Therefore, though Graham's number - which is the largest integer to have yet found a mathematical use, remember - cannot be conveniently expressed in linear array notation, we have established at least that <3,64,1,2> < Graham's number < <3,65,1,2>.

Already, then, we are moving beyond the largest useful numbers, and already another key point is driven home to us: if we wish to keep our notation concise, we are strictly limited in the number of different integers we can describe. The gulf between <3,64,1,2> and <3,65,1,2> is gigantic, but almost none of the numbers in that interval can be expressed using linear array notation. We are sacrificing precision for scope, here.

Anyway. The next step linear array notation makes is to begin concisely expressing the number of tiers in the tower we just constructed.

<b,2,2,2> = <b,<b,1,2,2>,1,2>
          = <b,b,1,2>

            b^^^...^b \
             \_____/   |
                .      |
          =     .      |b
                .      |
             \_____/   |
                b     /

Skip to the end:

<b,p,2,2> = <b,<b,p-1,2,2>,1,2>

            b^^^...^b \
             \_____/   |
                .      |
          =     .      |<b,p-1,2,2>
                .      |
             \_____/   |
                b     /

          = ...

            b^^^...^b \     \
             \_____/   |     |
                .      |     |
          =     .      | ... |b
                .      |     |
             \_____/   |     |
                b     /     /
            \_________________/
                     p

Pretty intimidating, hmm? We can now construct a tower of b tiers, take the number that tower represents, construct a new tower of that many tiers, take that number, and keep going... more or less forever!

Wonderful.

I'll just go one more step here so you get the idea. We can now take the number of towers - the length of our street, metaphorically speaking - and use linear array notation to generate that number.
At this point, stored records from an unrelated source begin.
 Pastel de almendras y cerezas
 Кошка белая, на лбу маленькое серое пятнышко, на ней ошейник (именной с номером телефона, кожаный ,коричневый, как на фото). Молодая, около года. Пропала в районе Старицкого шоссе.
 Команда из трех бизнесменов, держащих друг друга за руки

<3,3,3,2> = <3,<3,2,3,2>,2,2>
          = <3,<3,<3,1,3,2>,2,2>,2,2>
          = <3,<3,3,2,2>,2,2>
         
          = 3^^^...^3 \     \
             \_____/   |     |
                .      |     |
                .      | ... | 3
                .      |     |
             \_____/   |     |
                3     /     /
            \__________________/

                 3^^^...^3 \
                  \_____/   |
                     .      |
                     .      | 3^^^...^3
                     .      |  \_____/
                  \_____/   |   3^^^3
                     3     /

Get the idea now? The third entry in the array expresses the number of levels of recursion we undergo. A 1 means we just do tiers. A 2 means we do towers of tiers. A 3 means we do tiers of towers of tiers. A 4 means towers of tiers of towers of tiers. You get the idea. The p in the second entry is just the "coarse focus" for the top level of recursion.

Now, observe that all this time we have still only been dealing with four-entry arrays, and all this time the last entry in that four-entry array has been a 2.
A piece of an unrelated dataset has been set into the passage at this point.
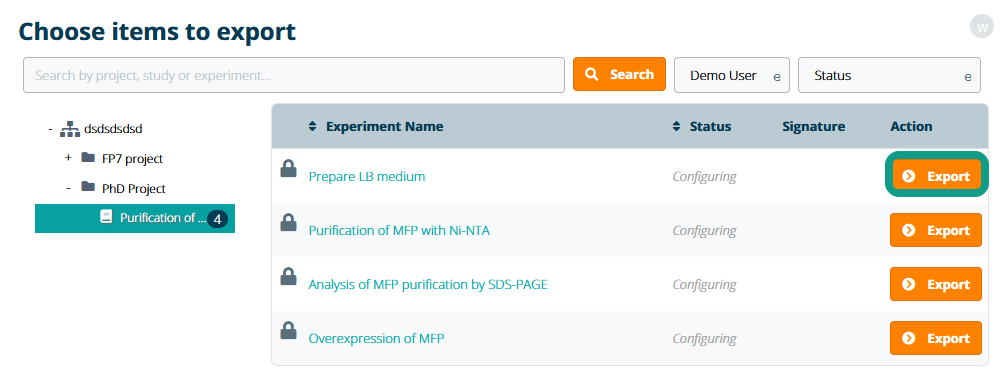 The experiment is added to the list of experiments to export. In this way you can add multiple experiments. Once you have added the experiments you want to export, you can click Start Export

By increasing that fourth entry to a 3, we can now use linear array notation to express... you guessed it... the number of levels of recursion in the above construction.

<b,2,1,3> = <b,b,v(<b,1,1,3>),2> = <b,b,b,2>

That's b levels of recursion.

<b,3,1,3> = <b,b,v(<b,2,1,3>),2>

That's <b,2,1,3> levels of recursion.

Getting lost yet? As the second entry increases, we can now control the number of times we back-substitute the number of times we recurse the process of constructing the number of arrows between the two bs in the final answer. Which, if you know the hyper operator or arrow notation, is a pretty recursive thing in itself.

Awesome!

The number of levels of the number of levels of recursion going on here rapidly becomes dizzyingly large. And we are still only dealing with four-entry arrays. For five-entry arrays and larger, it's pointless to even try to begin fully evaluating them.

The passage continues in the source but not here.